Getting up on stage can be a terrifying experience for somebody who has little or no experience public speaking, however it doesn’t have to be.

If you are looking to increase your influence as a Leader, developing your public speaking skills is critical. Here are 5 tips that I’ve put together from over a decade of speaking to groups large and small, to help develop or improve your public speaking skills.

1. Consider your audience

As you can imagine, speaking to high school students vs. baby boomers requires using different vocabulary and vernacular to effectively communicate with them in a way that they will understand your message best.

If you are travelling for a speaking engagement, are there different social cues or taboos to include or eliminate?

2. Prepare your message

A simple way to begin your speech is start with the acronym, KDF. Know, Do, Feel. What do you want your audience to know? What do you want them to do? How do you want them to feel?

Using KDF allows you to not only deliver a message, but also create a call to action while inspiring your audience by creating an emotion so they ‘buy-in’ to both you as a speaker and the topic you’re speaking about.

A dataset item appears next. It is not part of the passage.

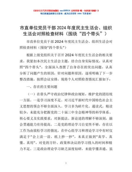 / 市直单位党员干部2024年度民主生活会、组织生活会对照检查材料(围绕“四个带头”)

3. Practice, practice, practice

You don’t need any notes on stage when you’ve spent time practicing your bullet points and through-line. Practice = confidence.

4. Pretend like you’re talking to ONE person

If you’re on a stage with bright lights, you probably can’t see anybody in the audience – so how do you create a connection?

Think about who in your life needs that message. If you can mentally envision one person (although you’re in front of 10, 100 or 1000+ people) your message will be delivered more authentically.

5. Record your speech and get feedback

The most important, and hardest, thing to do is to go back and listen and watch your speech. No matter how uncomfortable it is to watch yourself, its valuable to see your body language, timing, voice projection etc.

Next, ask for candid feedback. Spot check your work, and ask: What’s the message I was trying to deliver? What do you think I was trying to get people to do? What was I trying to get people to feel? If they offer answers that were way off, then it’s a good opportunity to adjust your next speaking opportunity

Every opportunity to speak is an opportunity to get better. Good luck!